Bonne efficacité pour l'antigerminatif Dormir

Parmi les antigerminatifs, le 1,4 Diméthylnaphtalène (1,4 DMN) s’applique en cours de conservation. Il est plus connu sous son nom commercial : Dormir (Dormfresh). Ce produit, dont la LMR est de 15 mg/kg, est thermonébulisable à la dose de 20 ml/t avec un maximum de six applications par an et un délai après traitement de 30 jours pour la commercialisation des tubercules traités. « Les essais conduits à Villers-Saint-Christophe dans l’Aisne ont montré une bonne efficacité de contrôle de la germination en utilisant le produit. Il faut cependant bien respecter les préconisations d’application fournies par la firme pour garantir efficacité et sélectivité », commente Michel Martin.

Pour une efficacité maximale, il doit être appliqué assez tôt, avant le démarrage de la germination, mais après un bon séchage du tas. Tous ces produits, thermonébulisés en cours de conservation, sont généralement appliqués par une entreprise spécialisée.

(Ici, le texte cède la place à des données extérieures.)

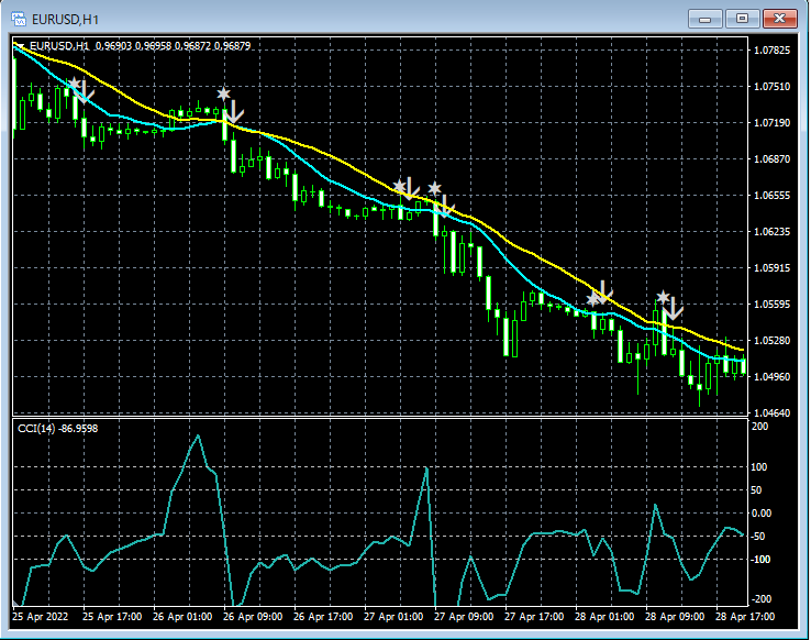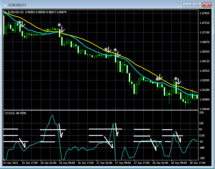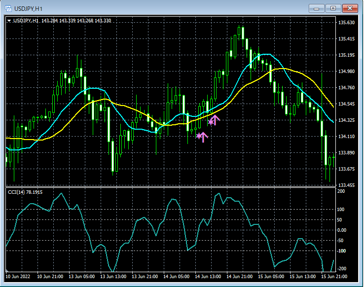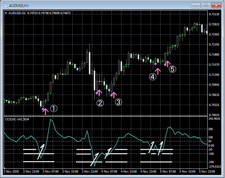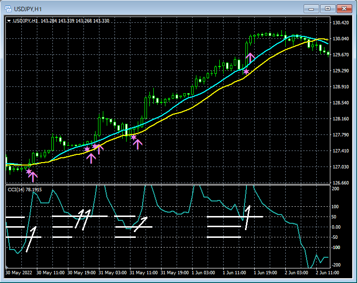 ※上のチャートでは説明の便宜上CCIを表示しておりますが、本インジケーター【CCIS3】には、CCIを表示するインジケーターは同梱されておりませんのでご注意下さい。

Une gestion qui commence au champ avec l'hydrazide maléique

Contrairement aux précédents produits, l’hydrazide maléique s’applique au champ, en végétation, avec un pulvérisateur classique. L’application doit intervenir a minima 15 jours à trois semaines avant la date de défanage. Le produit bloque la germination des tubercules durant deux à trois mois, en fonction de la variété et de la température de conservation. Si les pommes de terre sont stockées plus longtemps, un autre antigerminatif devra être prévu en relais.

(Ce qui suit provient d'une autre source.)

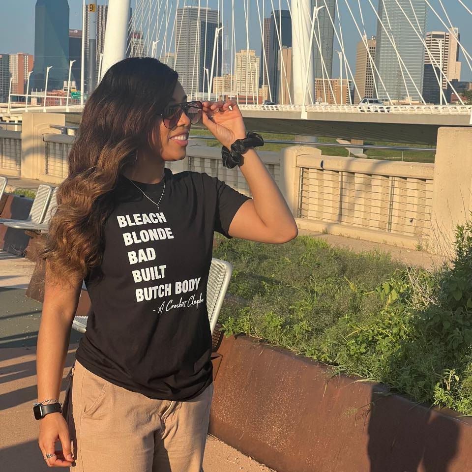 This is something so strange I wasn’t sure where to put it, so I’m dropping it at the end. That very first Facebook ad of the Blue Chip era I mentioned to link to a shopify store called the TheClapbackCollection. Here you can make an actblue donation in return for items like a “Bleach Blonde Bad Built Butch Body” shirt, a “Chile” hoodie or Jasmine Crockett is “My Type” paraphernalia. You can see Crockett herself modeling The leading image for this piece is a screengrab from a video modeling the shirt.

Les effets de la nouvelle réglementation sur le CIPC sont plutôt durs à avaler pour les producteurs, mais ont-ils le choix ? Les produits de substitution sont tous plus chers que le CIPC. Pour le marché du frais lavé, le coût moyen du CIPC appliqué en thermonébulisation (18 g/t) était estimé à 3,40 € ht/tonne, contre 4,30 €/t pour l’éthylène (10 ppm), 8,40 €/t pour Dormir (20 g/t puis 3 applications à 10 g/t) et 20,40 €/t pour l’huile de menthe (300 g/t).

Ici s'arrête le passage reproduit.